● Exercise instructions: As the answer, give exactly the lines of the records below from the one with "One of the top" through the one with "Pastel pembe renkli, fermuarlı, uzun", ends included and pictures left out.
Top of Supplied entries
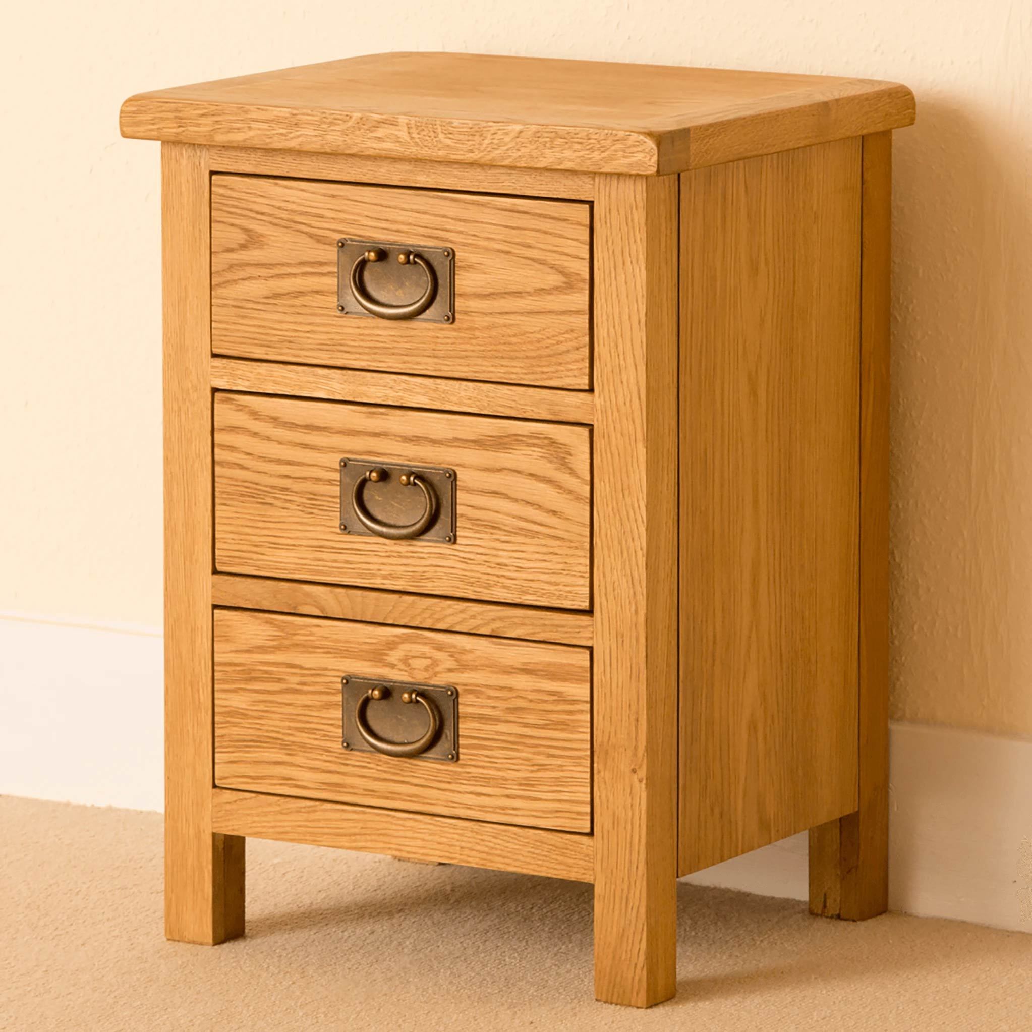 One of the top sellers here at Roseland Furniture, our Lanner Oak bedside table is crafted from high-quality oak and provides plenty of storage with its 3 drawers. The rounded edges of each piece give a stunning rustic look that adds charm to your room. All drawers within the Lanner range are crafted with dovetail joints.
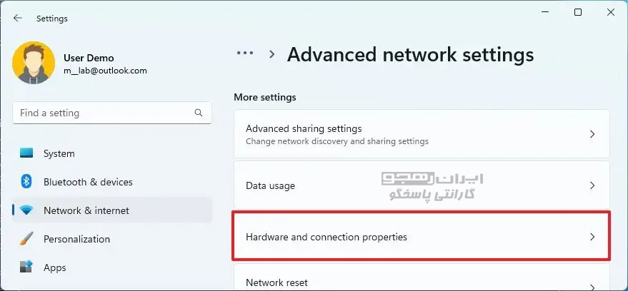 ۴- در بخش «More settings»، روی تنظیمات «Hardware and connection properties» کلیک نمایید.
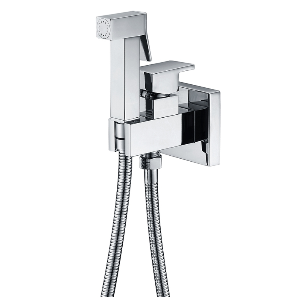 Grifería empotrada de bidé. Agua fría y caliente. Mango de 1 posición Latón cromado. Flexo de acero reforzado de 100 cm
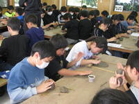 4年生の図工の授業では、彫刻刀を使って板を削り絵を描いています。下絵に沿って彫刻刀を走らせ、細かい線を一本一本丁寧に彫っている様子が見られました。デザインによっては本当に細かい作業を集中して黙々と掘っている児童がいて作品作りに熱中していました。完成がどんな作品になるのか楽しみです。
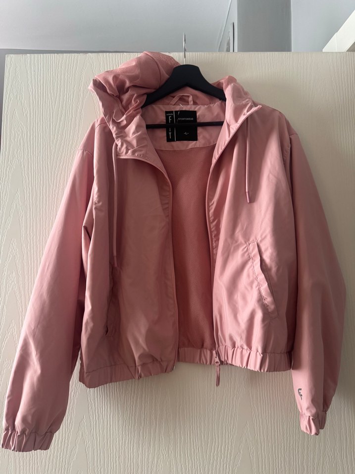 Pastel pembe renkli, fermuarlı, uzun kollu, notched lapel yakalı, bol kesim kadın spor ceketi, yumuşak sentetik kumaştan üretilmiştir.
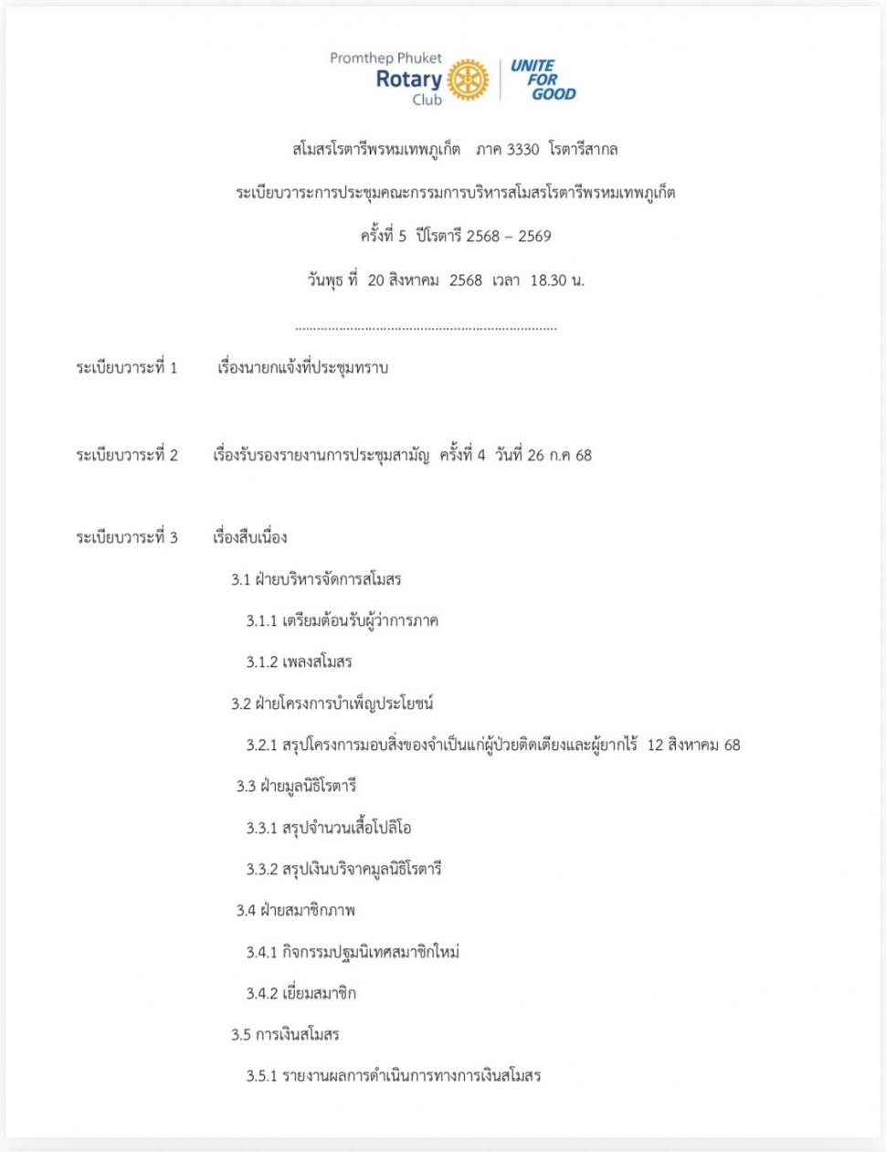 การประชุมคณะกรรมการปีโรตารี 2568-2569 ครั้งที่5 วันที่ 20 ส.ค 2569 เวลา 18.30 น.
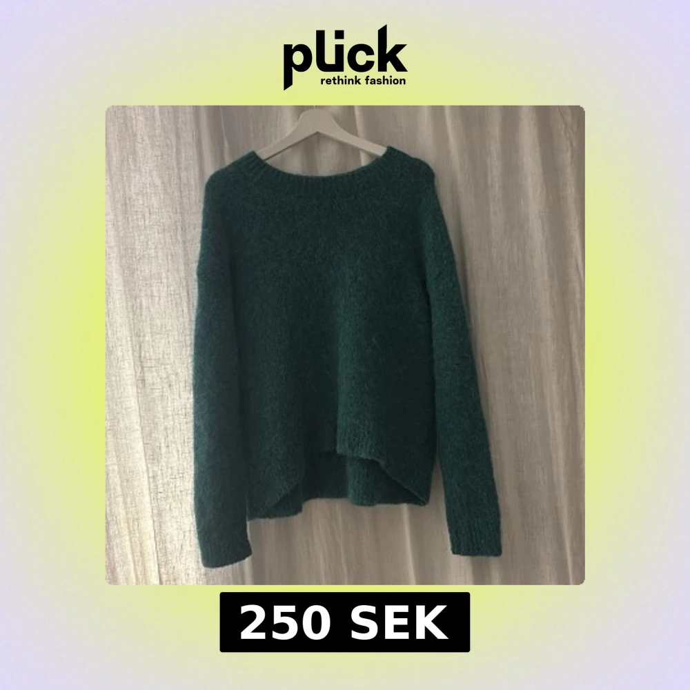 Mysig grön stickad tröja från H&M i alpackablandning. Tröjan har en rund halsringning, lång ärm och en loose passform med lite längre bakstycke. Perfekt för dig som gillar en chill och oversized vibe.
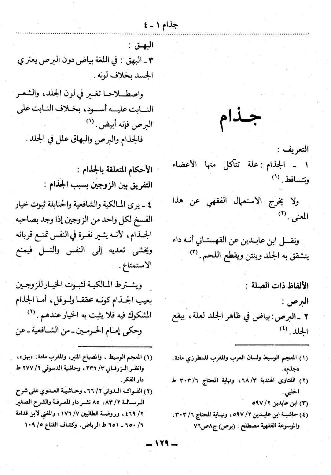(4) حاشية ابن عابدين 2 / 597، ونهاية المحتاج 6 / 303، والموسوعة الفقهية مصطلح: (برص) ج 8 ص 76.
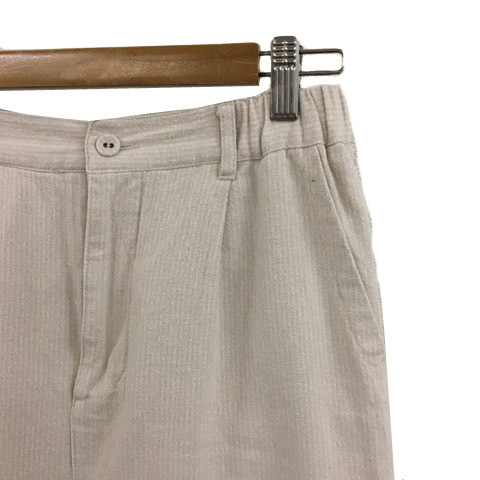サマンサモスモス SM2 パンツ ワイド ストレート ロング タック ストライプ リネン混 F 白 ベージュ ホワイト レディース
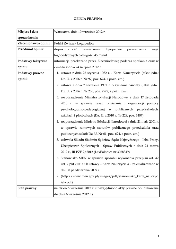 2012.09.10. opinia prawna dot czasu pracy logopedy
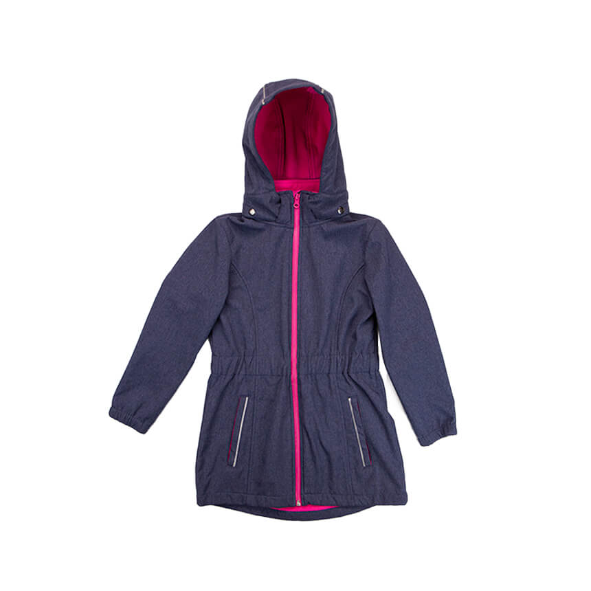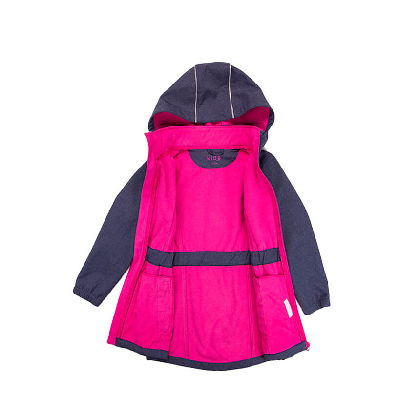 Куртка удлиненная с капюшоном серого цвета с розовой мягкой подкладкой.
Bottom of Supplied entries
Top of Supplied entries
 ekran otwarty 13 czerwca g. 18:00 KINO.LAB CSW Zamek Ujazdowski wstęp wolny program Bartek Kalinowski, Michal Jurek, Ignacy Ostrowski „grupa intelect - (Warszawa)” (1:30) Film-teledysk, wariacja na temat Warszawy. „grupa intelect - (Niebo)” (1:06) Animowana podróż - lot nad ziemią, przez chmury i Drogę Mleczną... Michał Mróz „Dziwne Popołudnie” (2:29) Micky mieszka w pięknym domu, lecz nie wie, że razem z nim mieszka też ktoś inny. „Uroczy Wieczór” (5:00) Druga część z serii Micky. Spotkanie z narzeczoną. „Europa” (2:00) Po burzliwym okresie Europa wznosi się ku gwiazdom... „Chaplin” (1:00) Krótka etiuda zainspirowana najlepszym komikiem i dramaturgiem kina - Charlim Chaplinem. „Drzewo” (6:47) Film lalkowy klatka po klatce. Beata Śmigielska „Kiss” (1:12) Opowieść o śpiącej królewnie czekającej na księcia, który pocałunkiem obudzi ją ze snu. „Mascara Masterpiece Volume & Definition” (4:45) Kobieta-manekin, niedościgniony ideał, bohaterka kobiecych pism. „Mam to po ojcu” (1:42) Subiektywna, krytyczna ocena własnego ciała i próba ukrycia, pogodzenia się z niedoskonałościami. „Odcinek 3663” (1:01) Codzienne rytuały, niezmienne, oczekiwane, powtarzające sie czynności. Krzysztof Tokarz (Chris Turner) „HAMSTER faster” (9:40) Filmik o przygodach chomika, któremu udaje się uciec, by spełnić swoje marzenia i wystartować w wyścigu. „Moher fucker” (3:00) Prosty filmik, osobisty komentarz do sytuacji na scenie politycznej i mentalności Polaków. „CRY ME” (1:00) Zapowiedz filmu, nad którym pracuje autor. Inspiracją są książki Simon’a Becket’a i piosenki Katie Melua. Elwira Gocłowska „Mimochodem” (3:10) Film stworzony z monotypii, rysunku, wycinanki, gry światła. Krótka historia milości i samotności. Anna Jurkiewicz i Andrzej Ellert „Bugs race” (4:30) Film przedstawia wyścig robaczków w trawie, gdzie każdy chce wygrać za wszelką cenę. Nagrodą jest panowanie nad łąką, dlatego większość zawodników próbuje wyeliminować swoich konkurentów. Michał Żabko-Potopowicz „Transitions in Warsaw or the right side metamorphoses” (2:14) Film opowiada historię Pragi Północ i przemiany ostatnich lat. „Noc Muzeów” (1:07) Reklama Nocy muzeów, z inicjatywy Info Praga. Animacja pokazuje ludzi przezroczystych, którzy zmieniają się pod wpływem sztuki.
Bottom of Supplied entries
Top of Supplied entries
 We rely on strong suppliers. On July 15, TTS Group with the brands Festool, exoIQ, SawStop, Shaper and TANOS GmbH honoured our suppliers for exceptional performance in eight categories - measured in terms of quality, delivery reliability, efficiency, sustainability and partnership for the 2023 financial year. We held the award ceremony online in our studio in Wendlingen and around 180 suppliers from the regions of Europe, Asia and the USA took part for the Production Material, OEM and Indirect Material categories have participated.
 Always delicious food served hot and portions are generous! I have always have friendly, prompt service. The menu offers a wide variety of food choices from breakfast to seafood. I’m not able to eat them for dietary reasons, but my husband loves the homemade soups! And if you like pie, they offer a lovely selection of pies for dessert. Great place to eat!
Bottom of Supplied entries
● Final answer:
 One of the top sellers here at Roseland Furniture, our Lanner Oak bedside table is crafted from high-quality oak and provides plenty of storage with its 3 drawers. The rounded edges of each piece give a stunning rustic look that adds charm to your room. All drawers within the Lanner range are crafted with dovetail joints.
 ۴- در بخش «More settings»، روی تنظیمات «Hardware and connection properties» کلیک نمایید.
 Grifería empotrada de bidé. Agua fría y caliente. Mango de 1 posición Latón cromado. Flexo de acero reforzado de 100 cm
 4年生の図工の授業では、彫刻刀を使って板を削り絵を描いています。下絵に沿って彫刻刀を走らせ、細かい線を一本一本丁寧に彫っている様子が見られました。デザインによっては本当に細かい作業を集中して黙々と掘っている児童がいて作品作りに熱中していました。完成がどんな作品になるのか楽しみです。
 Pastel pembe renkli, fermuarlı, uzun kollu, notched lapel yakalı, bol kesim kadın spor ceketi, yumuşak sentetik kumaştan üretilmiştir.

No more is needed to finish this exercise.